● Input data
=== Begin Enclosure ===
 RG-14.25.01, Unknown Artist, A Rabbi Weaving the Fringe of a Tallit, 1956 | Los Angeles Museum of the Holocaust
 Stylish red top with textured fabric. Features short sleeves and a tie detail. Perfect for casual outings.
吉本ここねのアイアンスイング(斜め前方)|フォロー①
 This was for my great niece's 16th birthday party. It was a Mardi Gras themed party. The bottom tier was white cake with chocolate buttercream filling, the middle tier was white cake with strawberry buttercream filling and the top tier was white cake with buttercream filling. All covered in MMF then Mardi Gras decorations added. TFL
=== End Enclosure ===
=== Begin Enclosure ===
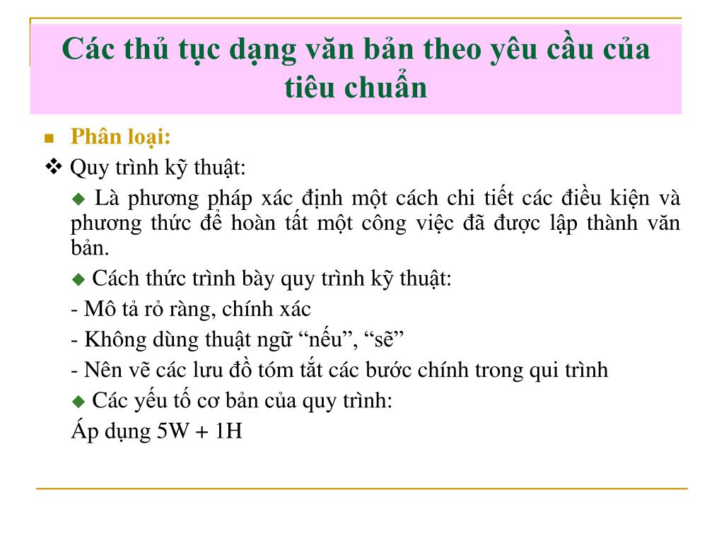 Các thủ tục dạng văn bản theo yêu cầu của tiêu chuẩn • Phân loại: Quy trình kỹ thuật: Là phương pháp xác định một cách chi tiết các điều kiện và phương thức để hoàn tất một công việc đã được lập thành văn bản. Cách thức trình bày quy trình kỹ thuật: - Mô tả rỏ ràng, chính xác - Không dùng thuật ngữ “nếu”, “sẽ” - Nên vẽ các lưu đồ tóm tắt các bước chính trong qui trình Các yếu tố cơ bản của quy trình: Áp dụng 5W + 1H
=== End Enclosure ===
● What you are asked to do
Each line holding the word "with" must be pulled from the records.

● Answer to this problem
 Stylish red top with textured fabric. Features short sleeves and a tie detail. Perfect for casual outings.
 This was for my great niece's 16th birthday party. It was a Mardi Gras themed party. The bottom tier was white cake with chocolate buttercream filling, the middle tier was white cake with strawberry buttercream filling and the top tier was white cake with buttercream filling. All covered in MMF then Mardi Gras decorations added. TFL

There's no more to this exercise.